В лесу было душно. Солнце поднялось уже высоко, и его прямые лучи упирались прямо в листву и жгли нестерпимо. Деревья не защищали. У некоторых берез свернулся, пожелтел лист, как будто дохнула осень холодным инеем и погубила листву. Но это сделали суховеи. Они залетали с дальних южных пустынь, а нынче залетали особенно часто: все лето стояла жара, и этот зной измучил людей, и они уже ни на что не надеялись. Вчерашний дождь принес большую надежду. Эта надежда была на новый дождь, и сейчас учитель опять посмотрел на небо. Облака были в правой стороне, откуда чаще всего поднимался ветер. Сейчас тоже дул ветерок, но солнце жгло уже подневному, и ветерок не освежал, а, наоборот, обжигал щеки, — и он подумал, что в лесу, наверно, все равно лучше, чем в поле. Там — настоящее пекло. Сразу мысли метнулись к сыну. Их класс теперь на последней прополке…

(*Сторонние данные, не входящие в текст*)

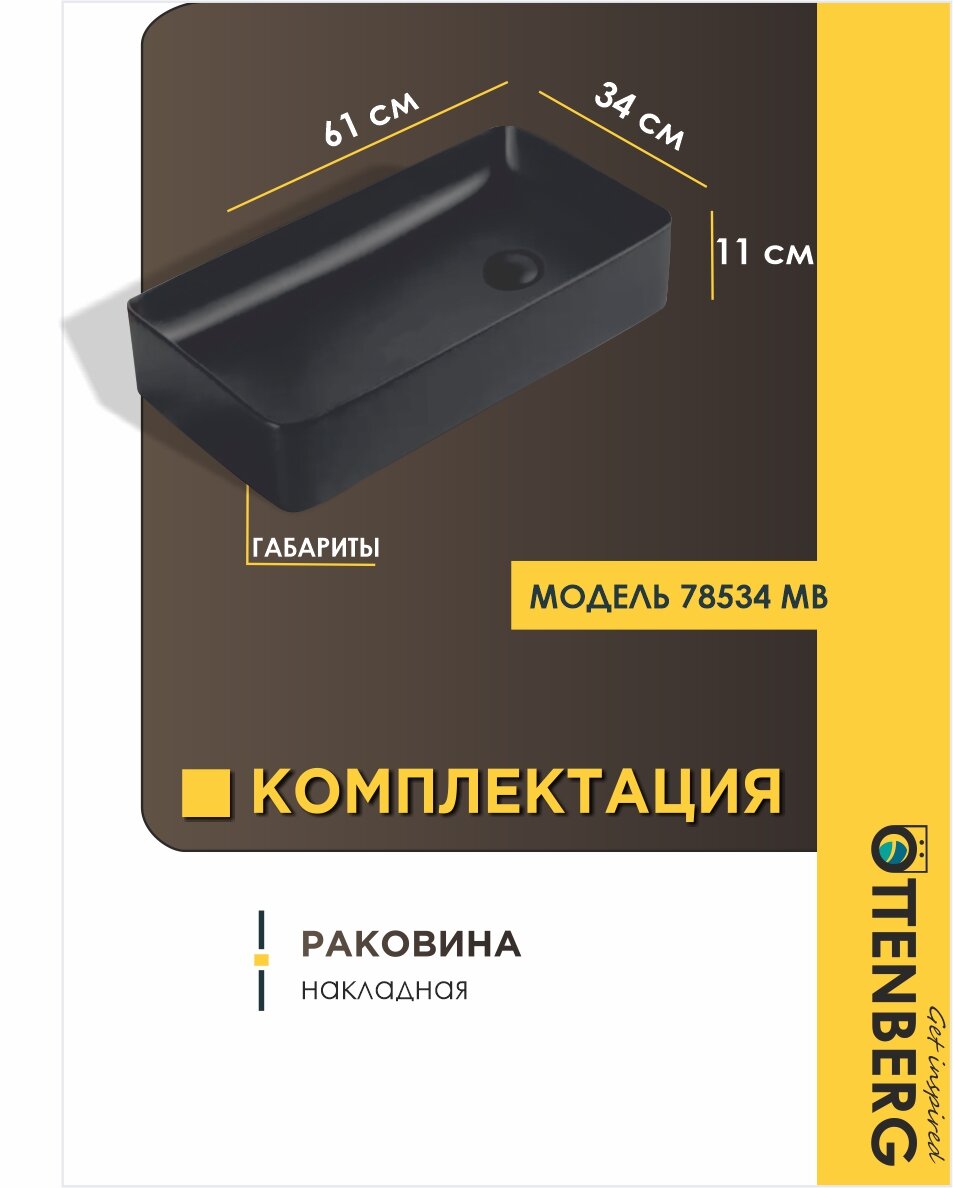 Раковина накладная в ванную со смещенным сливом прямоугольная черная матовая Ottenberg, 61х34х11см интересное:
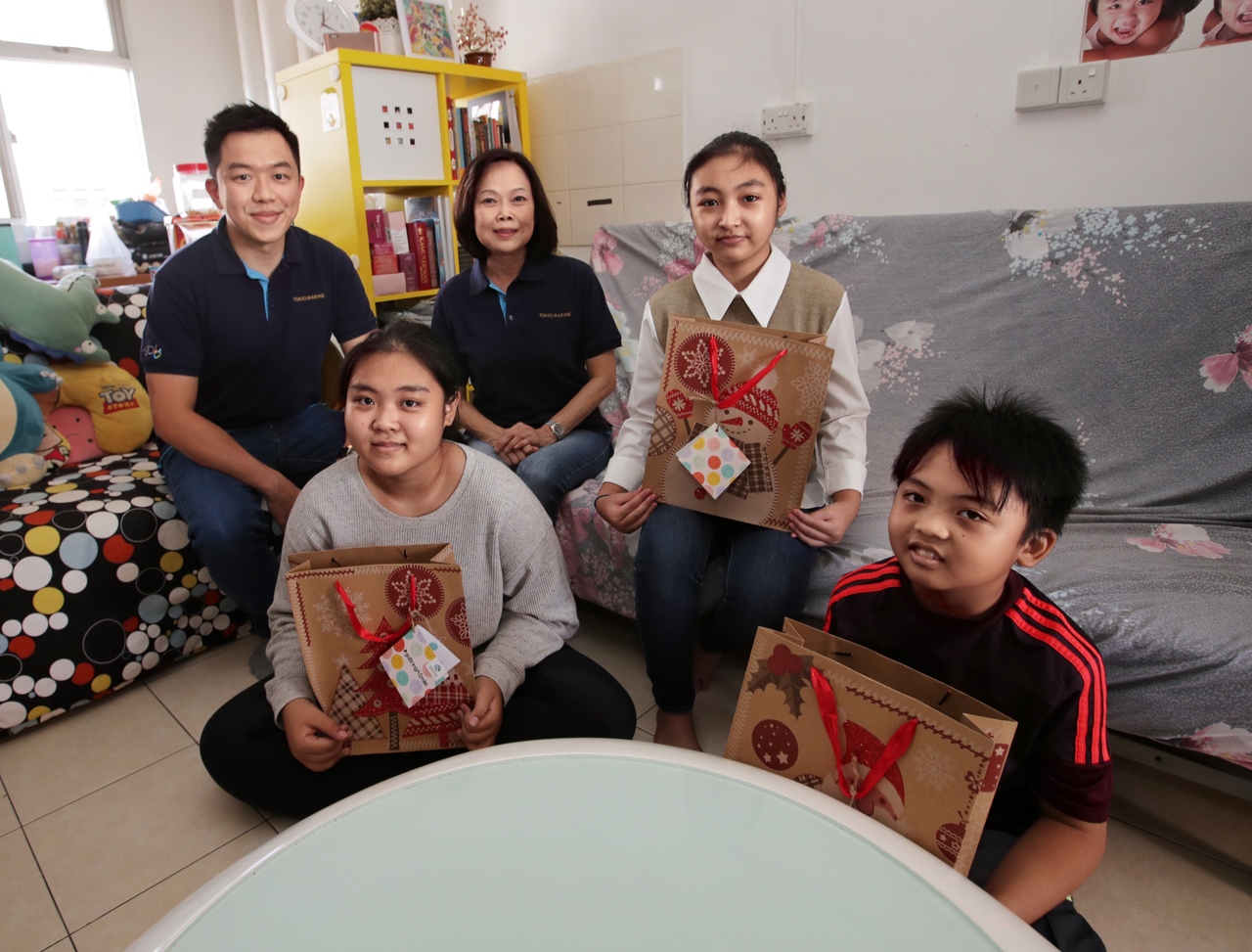 Siblings Alisha Itoi Muhammad Iman, 14, Humairah Itoi Muhammad Iman, 13, and Khalis Itoi Muhammad Iman, nine, were thrilled to receive their presents from Tokio Marine representatives who visited their Hougang flat on Tuesday (Dec 7). The other children will receive their gifts by the end of this week.

— Мы к маме в последний раз? Или можно…
— В последний! — ответил он твердо и поднял голову. Но все равно та продолжала смотреть на него, глаза напряглись, не мигали. И он опять повторил:
— В последний, в последний…
Когда повторил, сразу стало плохо и стыдно, но он не знал, почему плохо с ним, почему очень стыдно, почему не мог взглянуть прямо ей в глаза, не мог заговорить с ней, не мог даже вздохнуть свободно, всей грудью, словно кто-то за ним подглядывал, запрещал. Неужели из-за нее самой, этой Нины, так стыдно, так тяжело? Неужели из-за того, что он повезет ее завтра в город и там навсегда оставит? Но ведь любой на его месте решил бы так же!.. Но если не поэтому, то почему? Почему?.. Ему делалось все хуже, все беспокойнее, потом заныли виски от тупой расслабляющей боли, и скоро боль эта захватила всю голову, и он зажмурился. Учитель знал, что это заныли нервы — в школе разве сохранишь их. Только одно утешало, что все это скоро кончится, что сегодня они идут в последний раз на могилу. «В последний, конечно, в последний», — повторил опять про себя, чтобы в чем-то оправдаться и успокоиться. И вдруг слово это обожгло своим печальным роковым смыслом, и опять та, роковая, печальная, встала в глазах. Но теперь уж совсем не мог он бороться с видением, не мог переключиться на что-то хорошее, успокаивающее, и вот уже полетели секунды, минуты в этом видении, сейчас уже ничего не исправить. Да и как исправить, если знал, понимал уже, что теперь не забыть ее, не забыть и эту упрямую девочку — дочь ее. «Но все не верится, нет, не верится… Где ж теперь она, где?..» Он повторял про себя те вопросы, которые повторяла, несла в себе девочка, но он не знал об этом и не догадывался. Только одно теперь знал он, в одно поверил, признался, что спокойная жизнь его кончилась и все хорошие дни прошли, что теперь ему самому надо решить что-то о своей собственной жизни, решить такое же большое, огромное, как все муки его, все сомнения. И чтоб не терзаться еще, не мучиться — он погрузился снова в свое видение. И снова лицо ее, совсем живое, веселое, завладело им, подчинило, да он и сам желал этого, потому и сбылось.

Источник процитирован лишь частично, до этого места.